Goal of the exercise: Your copy of the data should leave out the images and match everything else exactly.

________________________________________

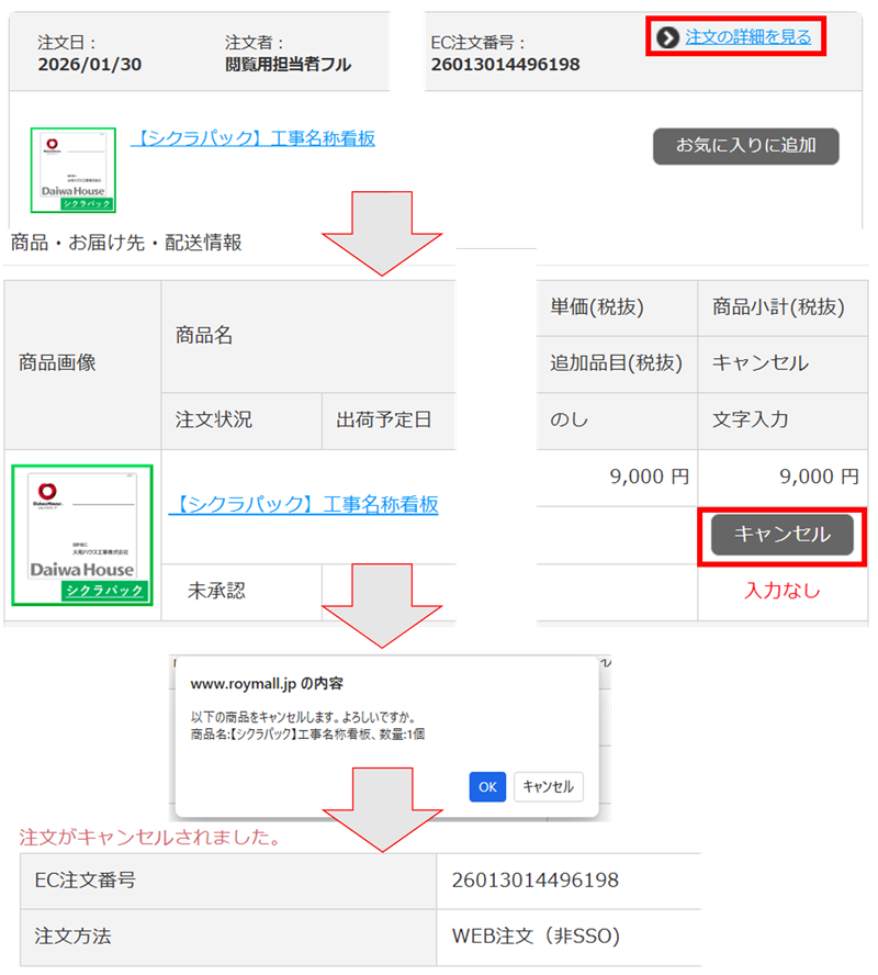 ご注文時の管理情報の変更について【大和ハウス工業様のみ対象】
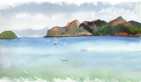 Sailboats White Modern Wood Framed Art Print with Double Matting by Shefranov, Olga
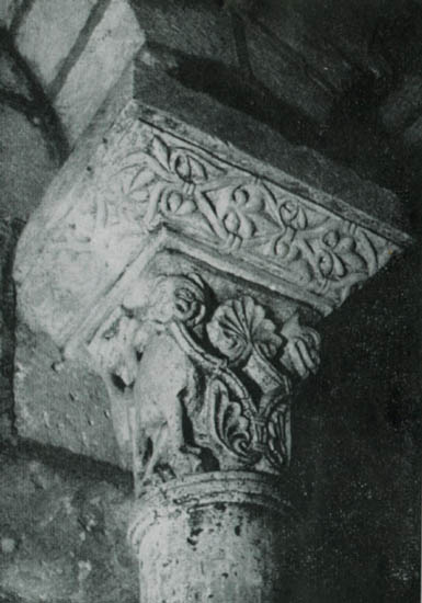 Monstres dont les têtes, logées aux angles, dévorent des rinceaux à palmettes.
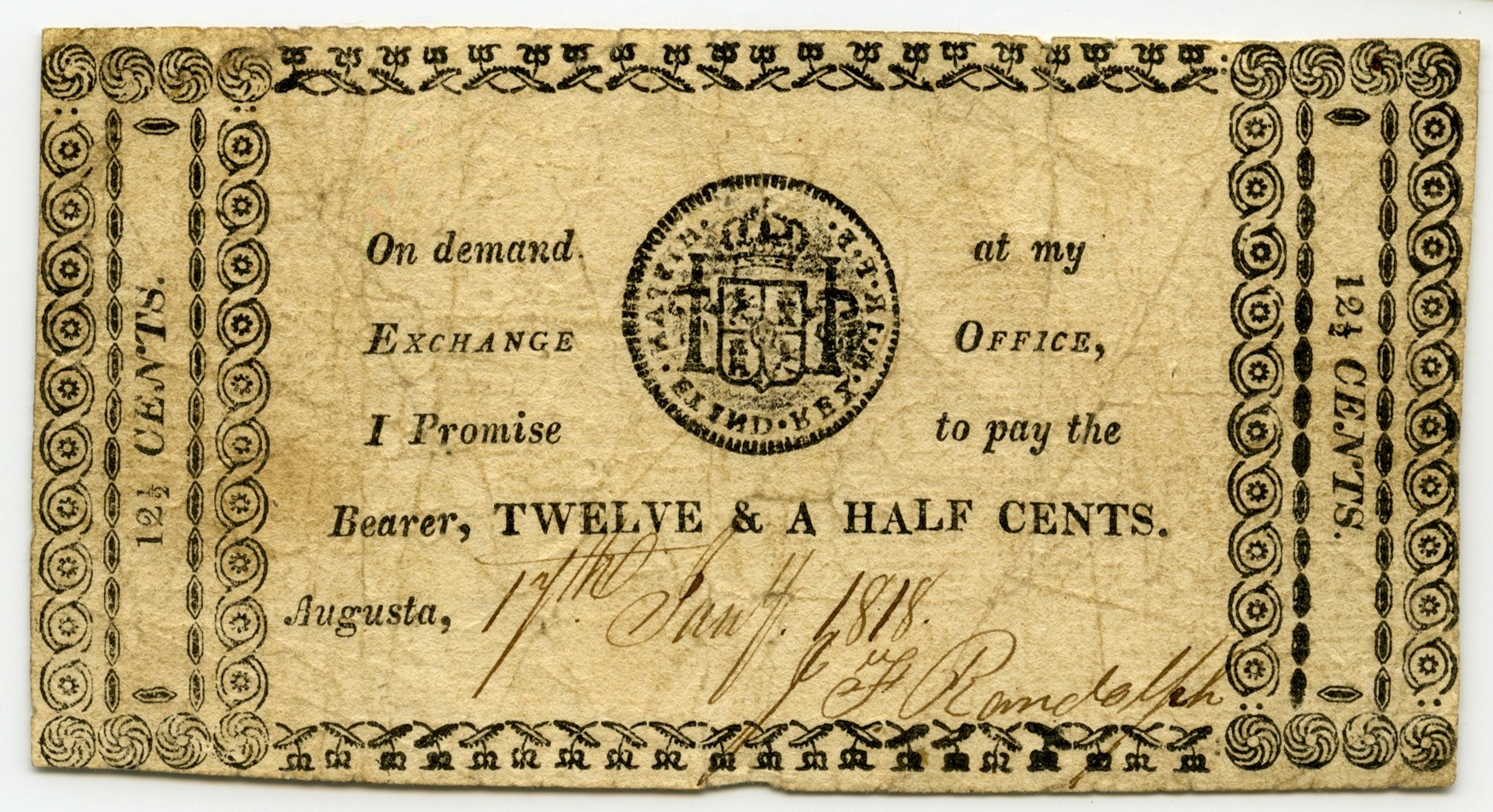 J. P. Randolph Exchange Office, “J. P. Randolph Exchange Office, Georgia, Augusta, 1818, 12 1/2 cents,” Omeka, accessed April 25, 2026, https://oldnote.org/omeka/items/show/255.
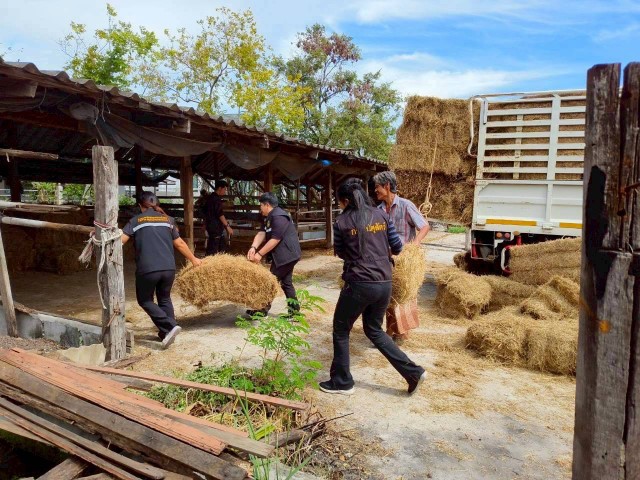 วันพุธที่ 19 พฤศจิกายน 2568 ครอบครัวปศุสัตว์นนทบุรี โดยนายสัตวแพทย์เชิงชาญ พึ่งเจียม ปศุสัตว์จังหวัดนนทบุรี พร้อมด้วยกลุ่มยุทธศาสตร์และสารสนเทศการปศุสัตว์ กลุ่มส่งเสริมและพัฒนาการปศุสัตว์ สำนักงานปศุสัตว์อำเภอปากเกร็ด สำนักงานปศุสัตว์อำเภอเมืองนนทบุรี และสำนักงานปศุสัตว์อำเภอบางบัวทอง ลงพื้นที่มอบเสบียงอาหารสัตว์ประเภทหญ้าแพงโกลาแห้ง จำนวน 250 ฟ่อน (5,000 กิโลกรัม) ซึ่งได้รับการสนับสนุนจากศูนย์วิจัยและพัฒนาอาหารสัตว์ชัยนาท พร้อมทั้งเวชภัณฑ์ ยา และแร่ธาตุก้อน เพื่อช่วยเหลือเกษตรกรผู้เลี้ยงสัตว์ที่ได้รับผลกระทบจากการเพิ่มปริมาณการระบายน้ำของแม่น้ำเจ้าพระยา ประกอบกับฝนตกหนักต่อเนื่องหลายวัน ทำให้เกิดน้ำเอ่อล้นตลิ่งเข้าท่วมบ้านเรือนและแปลงพืชอาหารสัตว์ โดยมีเกษตรกรในพื้นที่อำเภอปากเกร็ด อำเภอเมืองนนทบุรี และอำเภอบางบัวทองที่ได้รับผลกระทบรวมทั้งสิ้น 47 ราย โค-กระบือรวม 196 ตัว เเพะ-แกะรวม 528 ตัว นอกจากนี้ยังได้ให้คำแนะนำด้านการดูแลสุขภาพสัตว์ การเฝ้าระวังโรคระบาด รวมทั้งการจัดการฟาร์ม เพื่อป้องกันความสูญเสียด้านปศุสัตว์และลดผลกระทบที่อาจจะเกิดขึ้นในสถานการณ์ดังกล่าว

________________________________________

Written solution:
 ご注文時の管理情報の変更について【大和ハウス工業様のみ対象】
 Sailboats White Modern Wood Framed Art Print with Double Matting by Shefranov, Olga
 Monstres dont les têtes, logées aux angles, dévorent des rinceaux à palmettes.
 J. P. Randolph Exchange Office, “J. P. Randolph Exchange Office, Georgia, Augusta, 1818, 12 1/2 cents,” Omeka, accessed April 25, 2026, https://oldnote.org/omeka/items/show/255.
 วันพุธที่ 19 พฤศจิกายน 2568 ครอบครัวปศุสัตว์นนทบุรี โดยนายสัตวแพทย์เชิงชาญ พึ่งเจียม ปศุสัตว์จังหวัดนนทบุรี พร้อมด้วยกลุ่มยุทธศาสตร์และสารสนเทศการปศุสัตว์ กลุ่มส่งเสริมและพัฒนาการปศุสัตว์ สำนักงานปศุสัตว์อำเภอปากเกร็ด สำนักงานปศุสัตว์อำเภอเมืองนนทบุรี และสำนักงานปศุสัตว์อำเภอบางบัวทอง ลงพื้นที่มอบเสบียงอาหารสัตว์ประเภทหญ้าแพงโกลาแห้ง จำนวน 250 ฟ่อน (5,000 กิโลกรัม) ซึ่งได้รับการสนับสนุนจากศูนย์วิจัยและพัฒนาอาหารสัตว์ชัยนาท พร้อมทั้งเวชภัณฑ์ ยา และแร่ธาตุก้อน เพื่อช่วยเหลือเกษตรกรผู้เลี้ยงสัตว์ที่ได้รับผลกระทบจากการเพิ่มปริมาณการระบายน้ำของแม่น้ำเจ้าพระยา ประกอบกับฝนตกหนักต่อเนื่องหลายวัน ทำให้เกิดน้ำเอ่อล้นตลิ่งเข้าท่วมบ้านเรือนและแปลงพืชอาหารสัตว์ โดยมีเกษตรกรในพื้นที่อำเภอปากเกร็ด อำเภอเมืองนนทบุรี และอำเภอบางบัวทองที่ได้รับผลกระทบรวมทั้งสิ้น 47 ราย โค-กระบือรวม 196 ตัว เเพะ-แกะรวม 528 ตัว นอกจากนี้ยังได้ให้คำแนะนำด้านการดูแลสุขภาพสัตว์ การเฝ้าระวังโรคระบาด รวมทั้งการจัดการฟาร์ม เพื่อป้องกันความสูญเสียด้านปศุสัตว์และลดผลกระทบที่อาจจะเกิดขึ้นในสถานการณ์ดังกล่าว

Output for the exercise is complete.